Collected data:
========
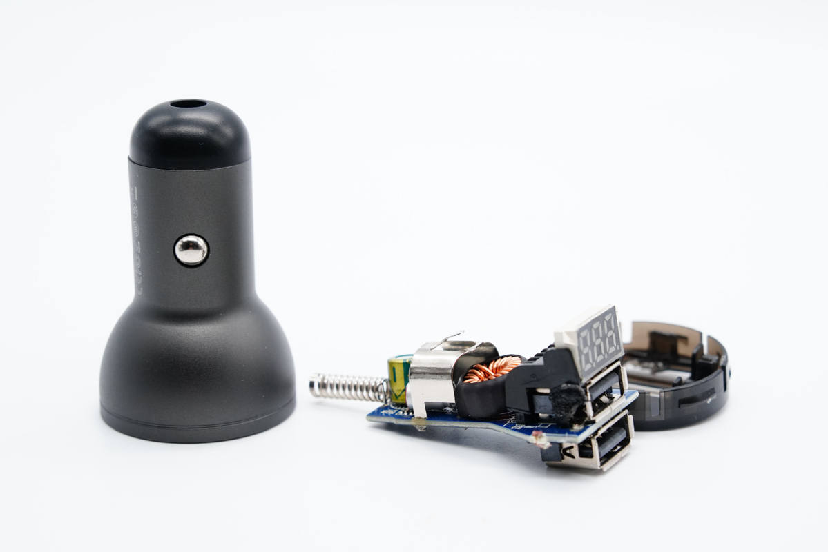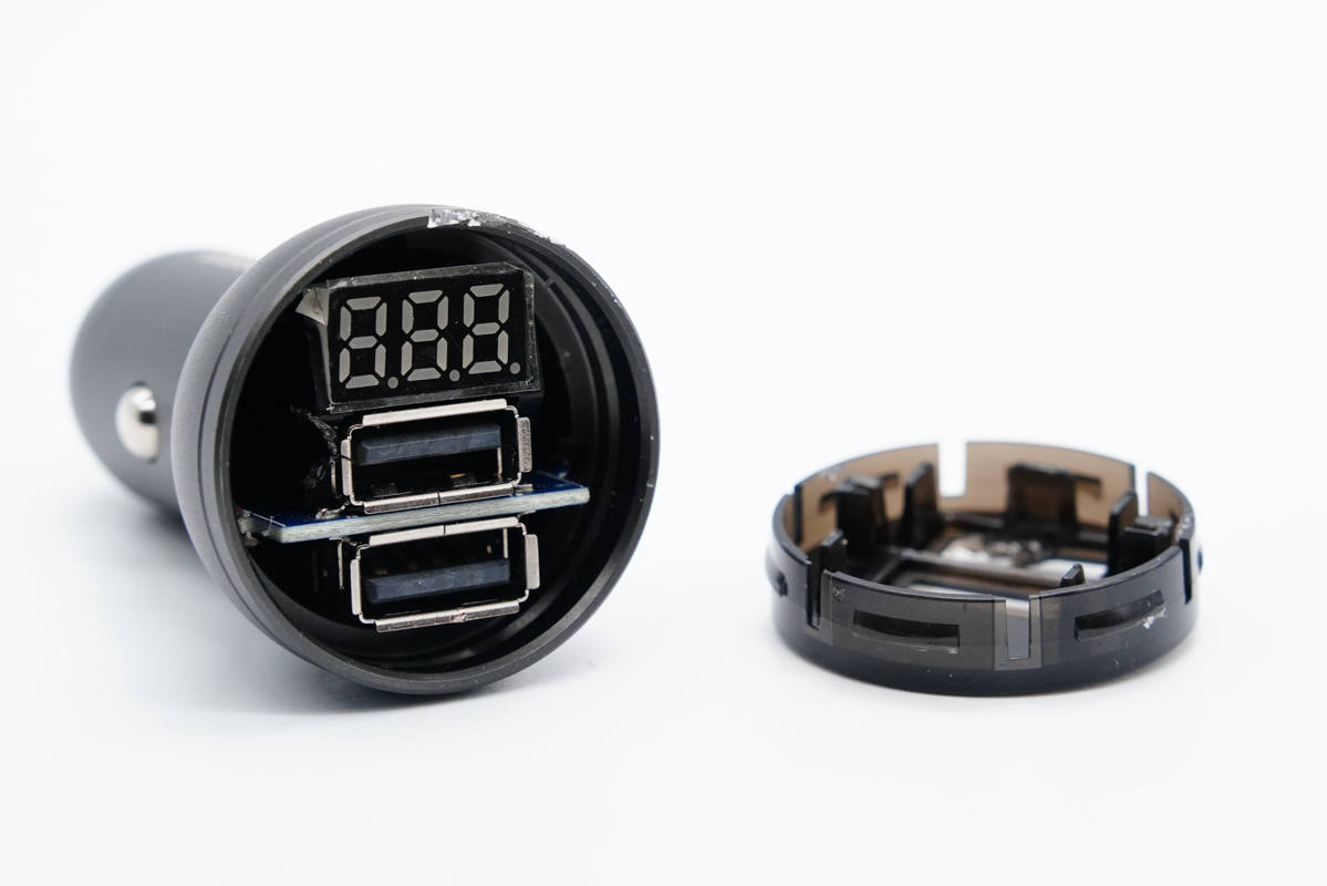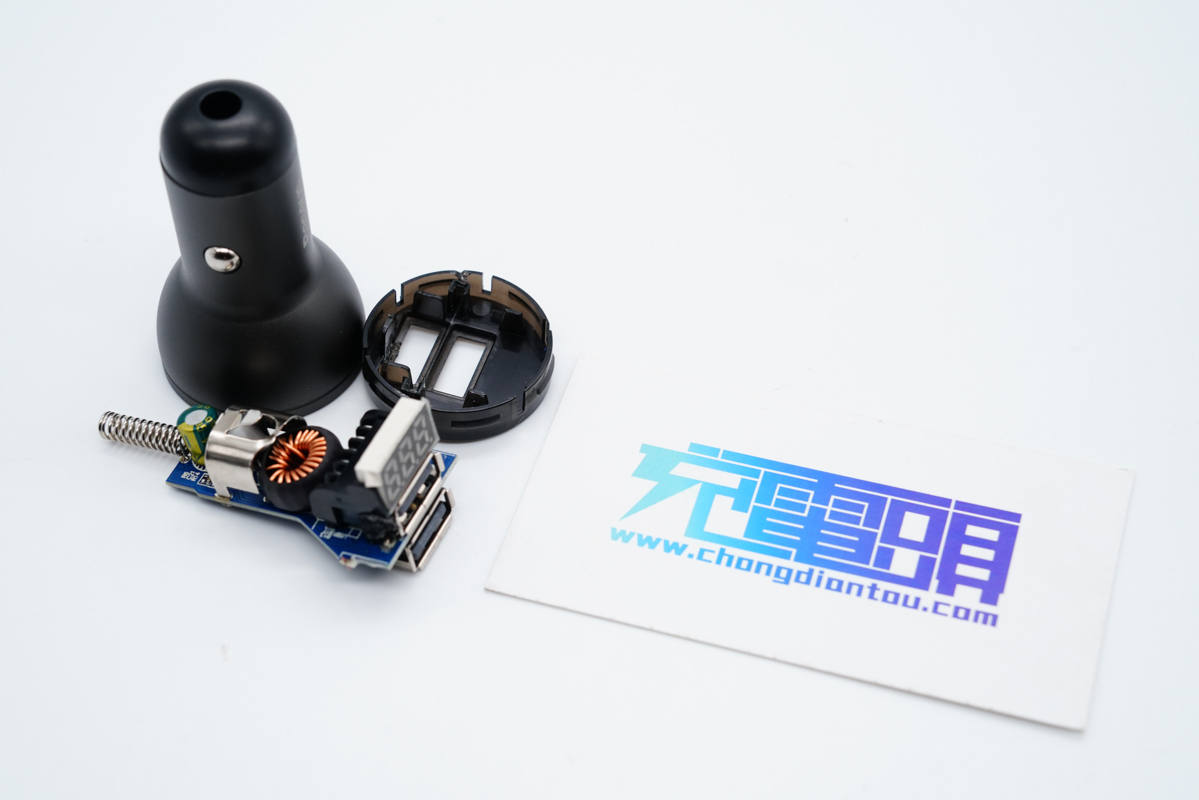 最近充電頭網拿到了倍思一款雙A口數顯車充,主體外殼為鋁合金材質,保護性強經久耐用。配備兩個USB-A口均支持5V2.4A輸出,可分別拿來給手機和行車記錄儀供電。下面我們就對這款車充進行拆解,看看其內部設計情況。
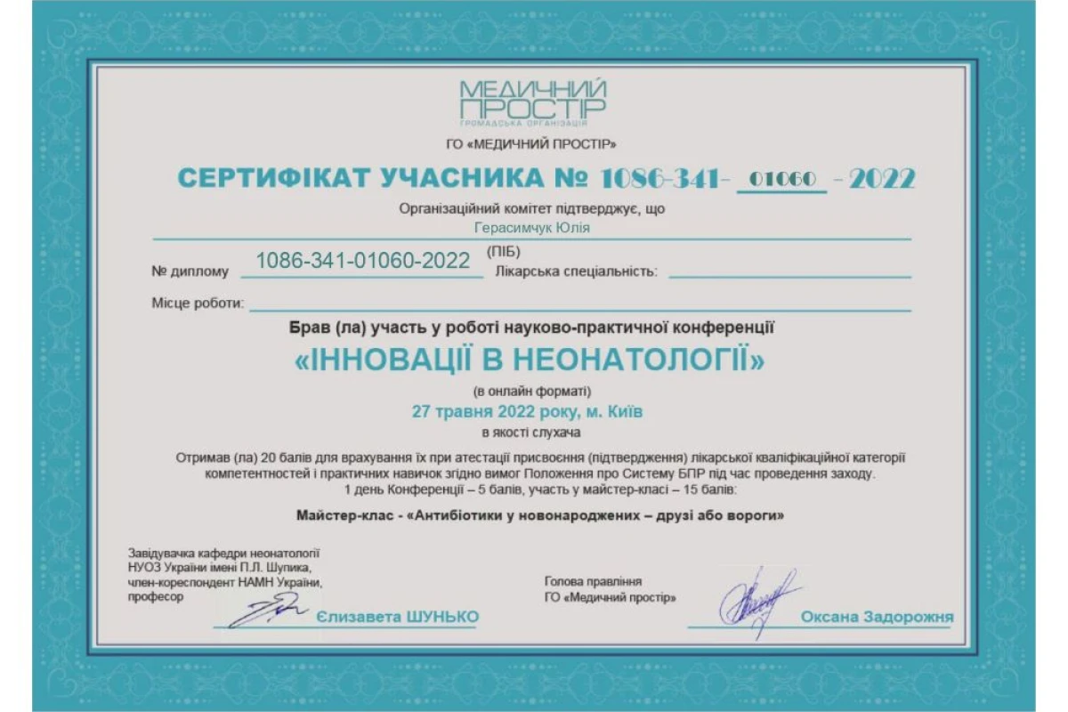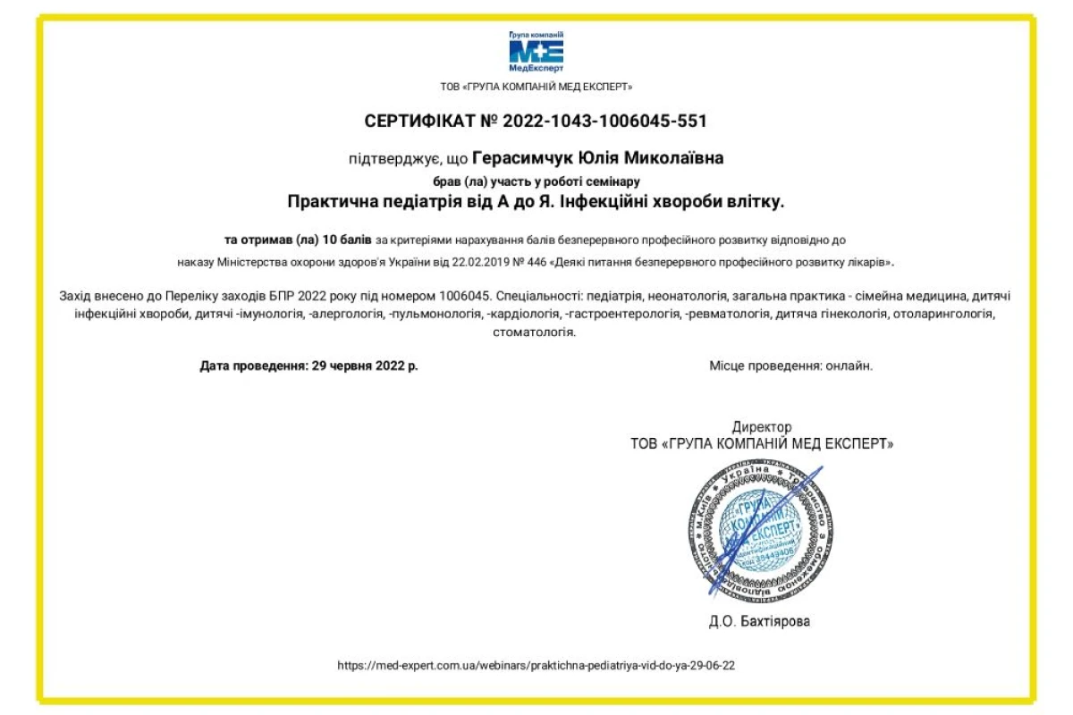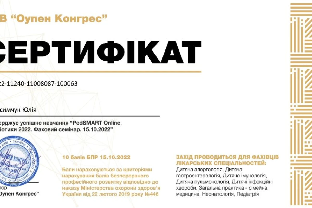 - 2009 – 2015: НМУ им.О.А. Богомольца – полное высшее образование по специальности «педиатрия»
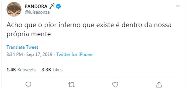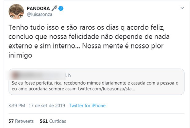 "Acordei feliz", disse Luísa. "Se eu fosse perfeita, rica, recebendo mimos diariamente e casada com a pessoa que eu amo acordaria sempre assim", respondeu a internauta. "Tenho tudo isso e são raros os dias que acordo feliz, concluo que nossa felicidade não depende de nada externo e sim interno... Nossa mente é nosso pior inimigo", escreveu em seguida a cantora. Em outro tweet, Luísa escreveu: "Acho que o pior inferno que existe é dentro da nossa própria mente".
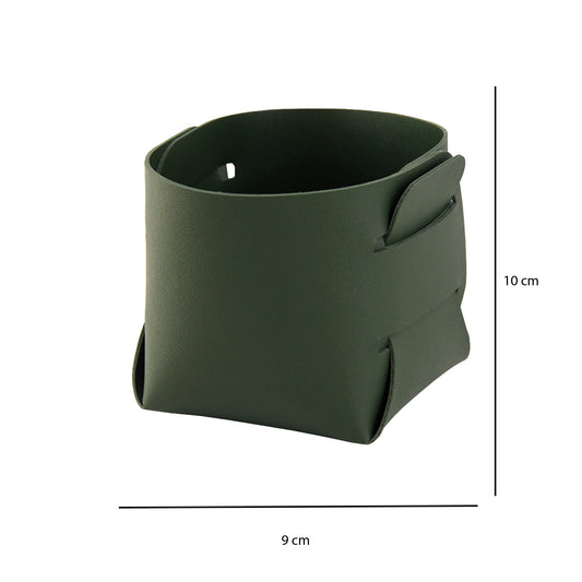 Cestino portaoggetti in pelle verde alga
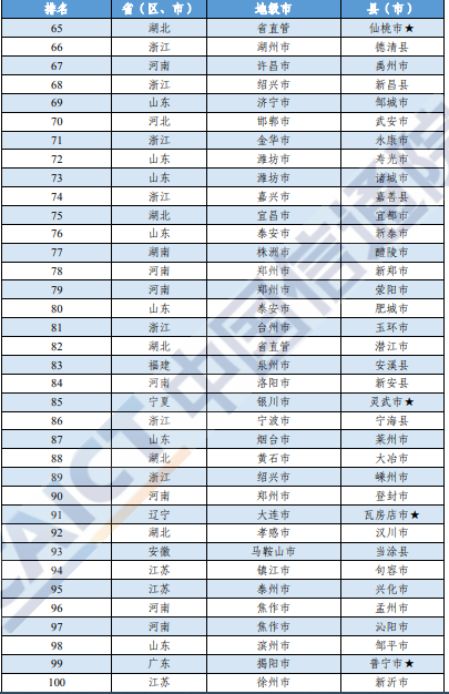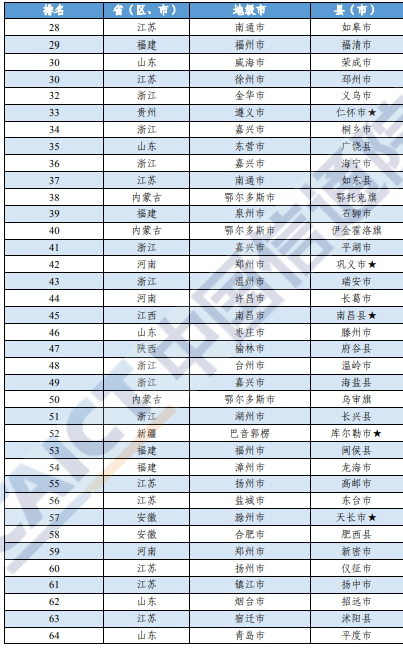 山东上榜14个县(市)分别为:龙口市、胶州市、荣成市、广饶县、滕州市、招远市、平度市、邹城市、寿光市、诸城市、新泰市、肥城市、莱州市、邹平市。与去年相比减少4个县(市)。
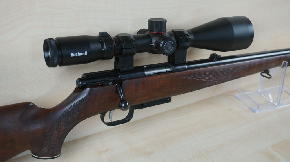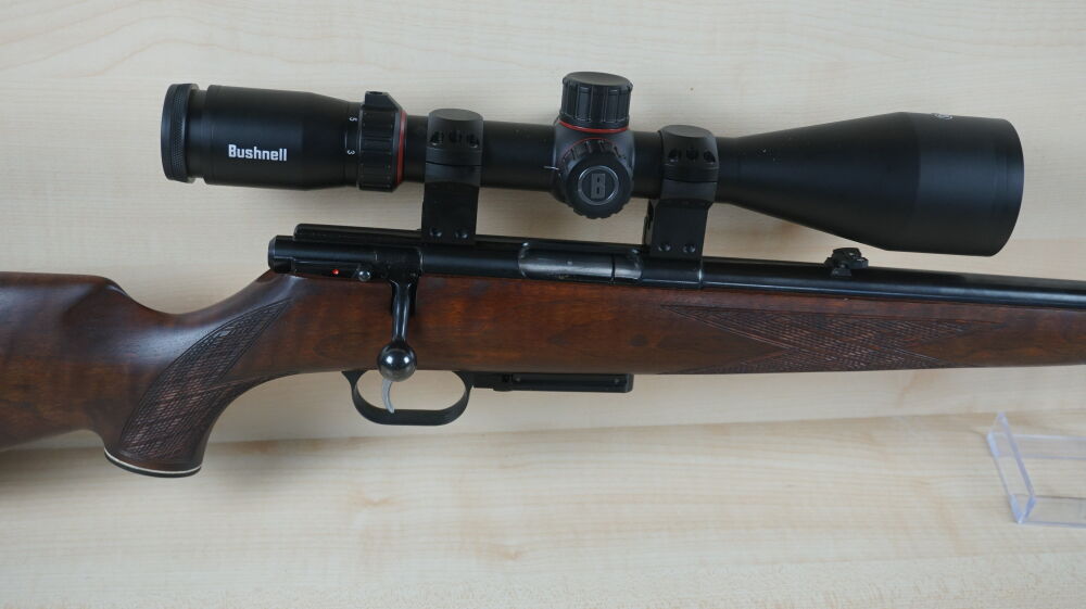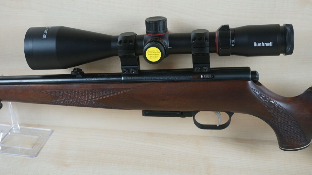 Repetierbüchse Weihrauch, Modell HW 60 J im Kaliber 222 Rem. mit Druckpunktabzug, 3 Schuß Magazin, Visierung, Aufschubmontage und Zielfernrohr Bushnell Nitro 3 - 18 x 56 Leuchtabsehen 4. ...weiterlesen
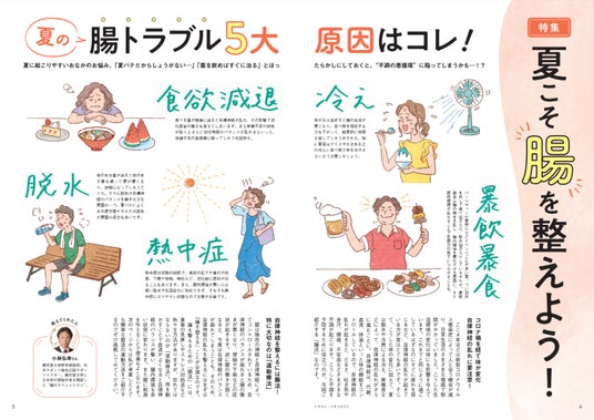 夏の腸トラブル5大原因はコレ!/30秒腸活/腸のお疲れ度チェックシート/腸内環境を整えてくれる!発酵食品の元気おやつ/暑さ・冷えW対策はじめました。/スペシャルインタビュー 遠藤憲一さん
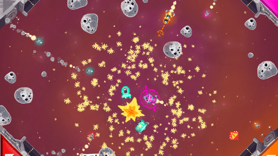 Bearbushkas is a local multiplayer 2D arcade game for iPad with hand-drawn cartoon graphics. Up to 4 players try to mark their opponents to be chased by homing missiles while at the same time trying to shake off the missiles chasing them. Extra levels add the additional challenges of navigating through an asteroid field or avoiding giant lasers that can be activated by shooting at them.
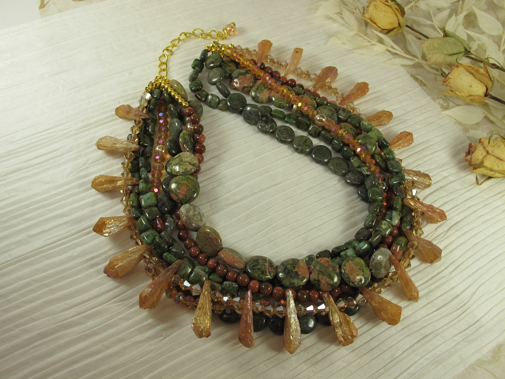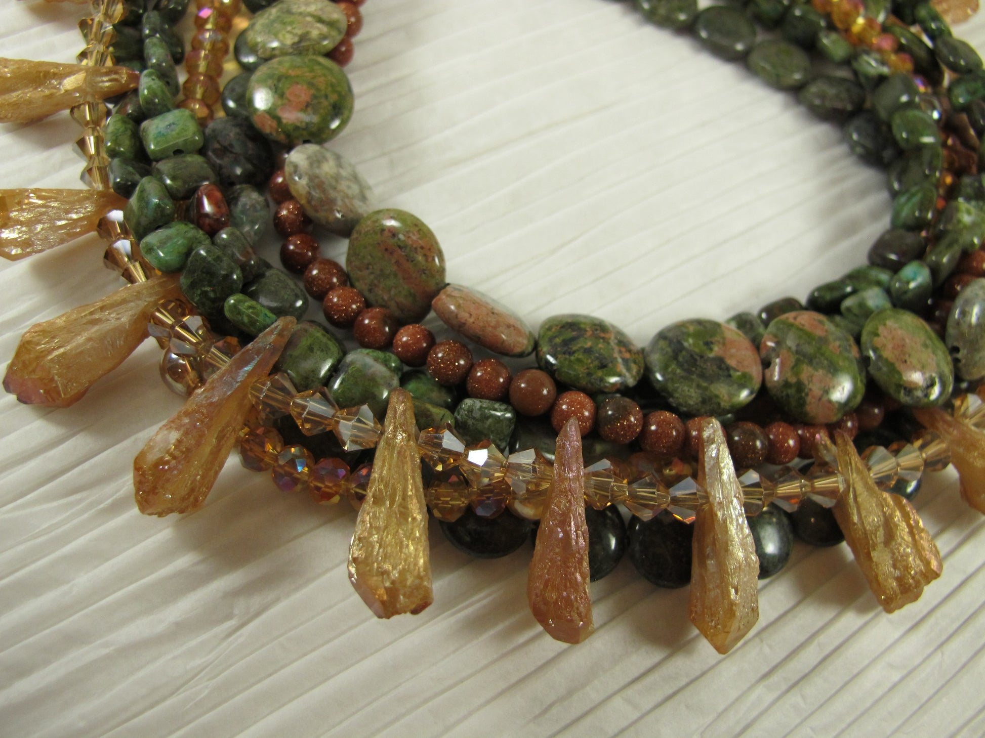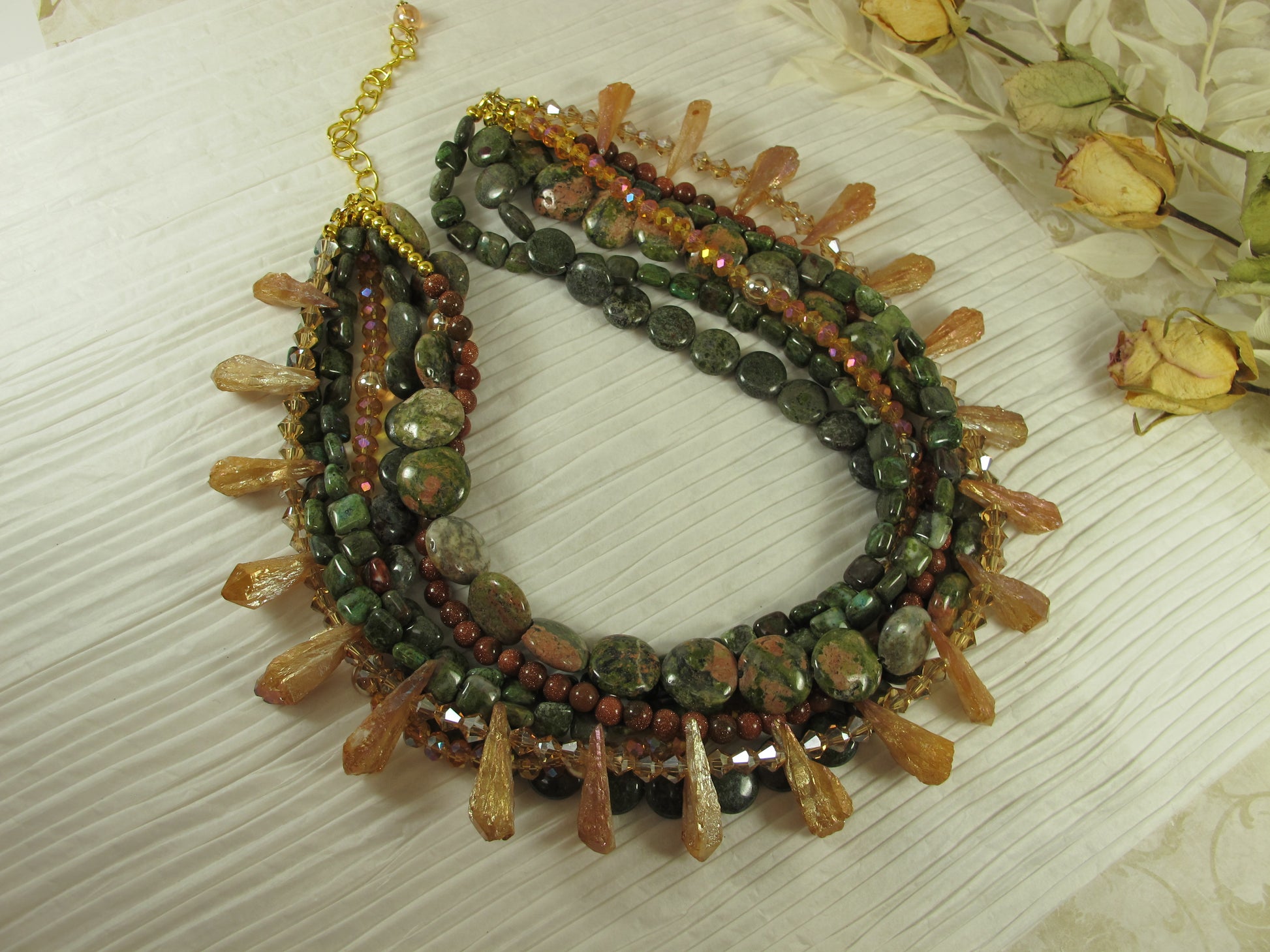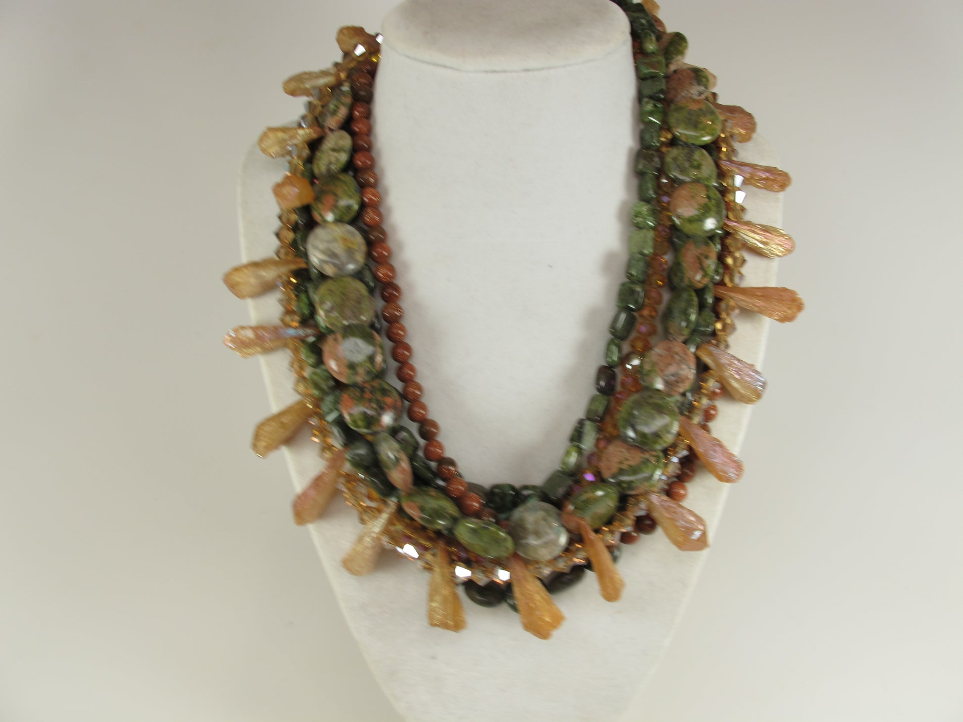 Chunky Green Agate Necklace, Green and brown Necklace, Green Brown Gold Beaded Necklace, Multi Strand Green and GoldStatement Necklace
========
> [Directions for this task] Exact copies of the entries above are needed, with every picture removed.

> [The answer]
 最近充電頭網拿到了倍思一款雙A口數顯車充,主體外殼為鋁合金材質,保護性強經久耐用。配備兩個USB-A口均支持5V2.4A輸出,可分別拿來給手機和行車記錄儀供電。下面我們就對這款車充進行拆解,看看其內部設計情況。
 - 2009 – 2015: НМУ им.О.А. Богомольца – полное высшее образование по специальности «педиатрия»
 "Acordei feliz", disse Luísa. "Se eu fosse perfeita, rica, recebendo mimos diariamente e casada com a pessoa que eu amo acordaria sempre assim", respondeu a internauta. "Tenho tudo isso e são raros os dias que acordo feliz, concluo que nossa felicidade não depende de nada externo e sim interno... Nossa mente é nosso pior inimigo", escreveu em seguida a cantora. Em outro tweet, Luísa escreveu: "Acho que o pior inferno que existe é dentro da nossa própria mente".
 Cestino portaoggetti in pelle verde alga
 山东上榜14个县(市)分别为:龙口市、胶州市、荣成市、广饶县、滕州市、招远市、平度市、邹城市、寿光市、诸城市、新泰市、肥城市、莱州市、邹平市。与去年相比减少4个县(市)。
 Repetierbüchse Weihrauch, Modell HW 60 J im Kaliber 222 Rem. mit Druckpunktabzug, 3 Schuß Magazin, Visierung, Aufschubmontage und Zielfernrohr Bushnell Nitro 3 - 18 x 56 Leuchtabsehen 4. ...weiterlesen
 夏の腸トラブル5大原因はコレ!/30秒腸活/腸のお疲れ度チェックシート/腸内環境を整えてくれる!発酵食品の元気おやつ/暑さ・冷えW対策はじめました。/スペシャルインタビュー 遠藤憲一さん
 Bearbushkas is a local multiplayer 2D arcade game for iPad with hand-drawn cartoon graphics. Up to 4 players try to mark their opponents to be chased by homing missiles while at the same time trying to shake off the missiles chasing them. Extra levels add the additional challenges of navigating through an asteroid field or avoiding giant lasers that can be activated by shooting at them.
 Chunky Green Agate Necklace, Green and brown Necklace, Green Brown Gold Beaded Necklace, Multi Strand Green and GoldStatement Necklace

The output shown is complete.